After compilation of the m/z list for each cultivar, it was first passed through the SoyCyc database of metabolites (https://soycyc.soybase.org/); matches of either protonated, sodiated, or potassiated ions to the known metabolites within 3 ppm mass error was considered a confirmation of the ionic formula. Each list was then filtered through HMDB to discover matches to either protonated, sodiated, or potassiated ions in the database. For endogenous compounds, the 3 ppm mass error was again used to constitute a match. For non-natural compounds, however, a stricter limit of 1 ppm was used to constitute a match between the database and the m/z list. To further annotate the m/z with ionic formulas, each list was converted to the corresponding Kendrick mass and KMD calculated for each ion; ions were then sorted by KMD and plotted as nominal Kendrick mass vs. KMD to assist in identification of ionic formulas to those m/z which did not yet have one. Final lists of ionic formulas from each cultivar were then recorded and compared.

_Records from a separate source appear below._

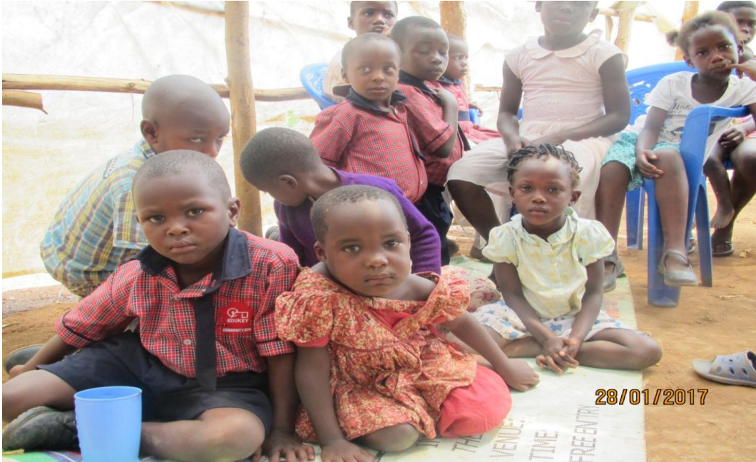
The prospective children enrolled for baby class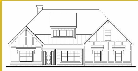
HARRIS A Base Price: $583,700 2,948 sqft 4 Beds 3 Baths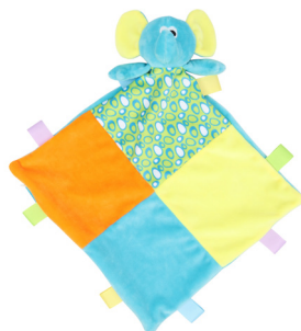
MM701 31 x 31cm | 0+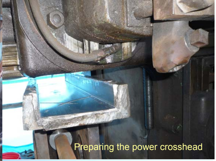
Preparing the power crosshead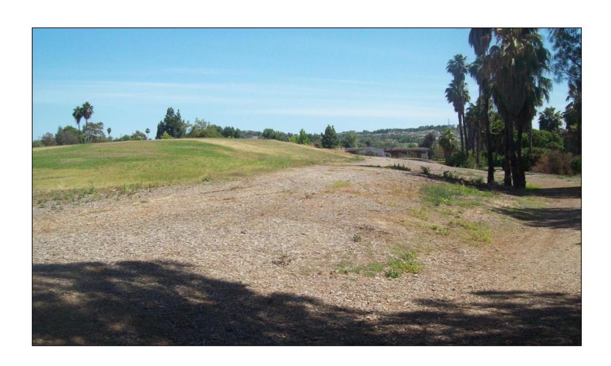
View of turf area in the center of the park, facing northeast.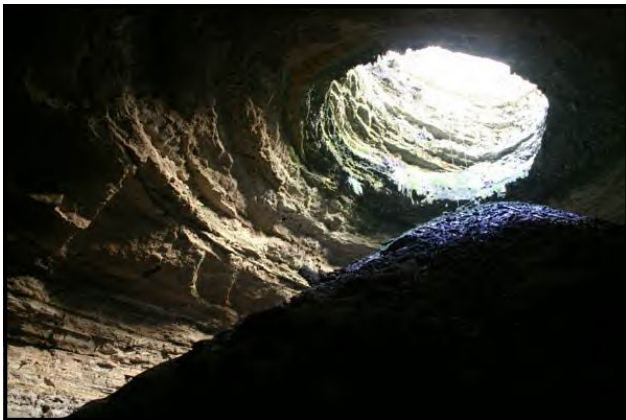
Devil's Sinkhole

Camp Masseuse Bottom (yeah, I know what your thinking but we run a clean operation here)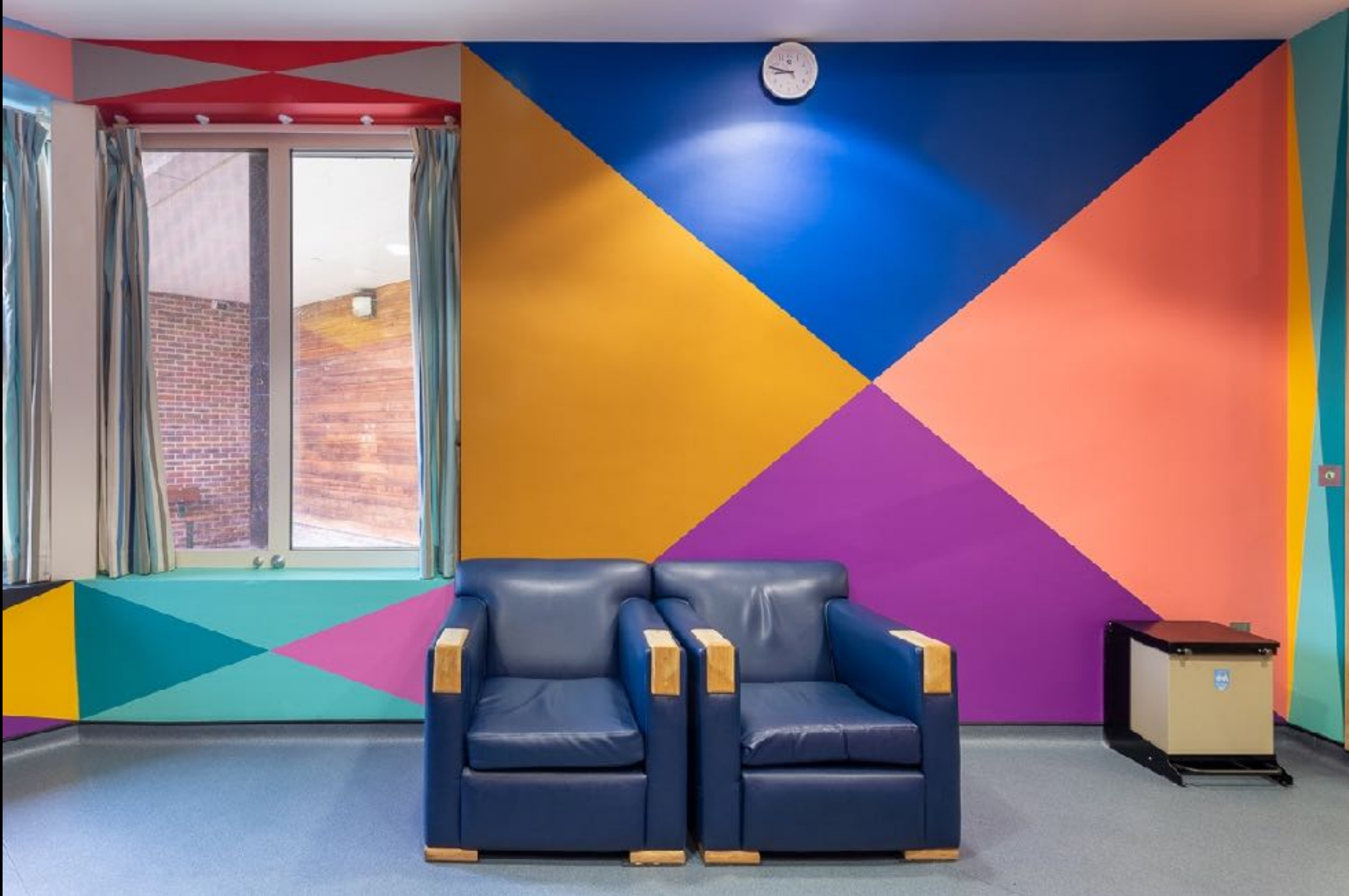
What Makes Boys Dance, 2019, permanent commission Hospital Rooms Commission for the TV Room, Oak Ward, Hellingly Centre, a closed forensic male mental health unit, NHS Foundation Trust Mental Health Hospital.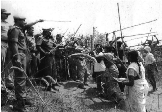
Repression and resistance around the 'Haritaharam' project in Telangana

programme. The leaders of the movement are targeted and arrested. The police are also used to forcibly take possession of the land and guard it. It is using such repressive measures as mowing down standing crops of the peasants and planting the land with saplings. The police are coming in the night with tractors and destroying the crops. The government is brining workers from Chhattisgarh to work in the plantation after the local people refused to work. Policemen from Gundala, Kanchanpalli, Bodu, Kottagudem, Yellendu, Alepalli and Tekulapalli Police Stations were mobilised to acquire 120 acres of land in Oddugudem village of Khammam district. Over 200 policemen converged in the village and lathicharged the resisting people. Many villagers were injured, some were arrested and jailed. After some of them came out on bail, they were re-arrested from the jail gate and sent back on fresh charges.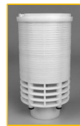
For Flange Tanks D1227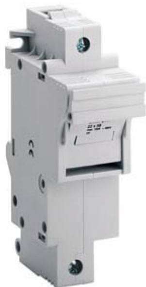
BUILT-IN FUSE BASE FOR CYLINDRICAL FUSES SIZE 22X58MM 100A, 3POLE

For those m/z values which matched entries in the SoyCyc database, an examination of the metabolic pathways involved was also performed to obtain context on how the cultivars might respond to drought at a molecular level. Note: the absence of an annotated peak in the list does not mean that metabolite is not present; rather, the metabolite is not detected with an abundance greater than 0.1% within the restrictive mass accuracy window employed. Metabolites from each cultivar identified in SoyCyc were the inputs into the Pathway Covering tool (https://pmn.plantcyc.org/cmpd-pwy-coverage.shtml) using a constant cost function; the tool then computed a minimal-cost set of metabolic pathways for Glycine max from each cultivar’s data set. For this analysis, Pathway Tools version 26.0 [42] was used employing data identified within the SoyCyc 10.0.2 database.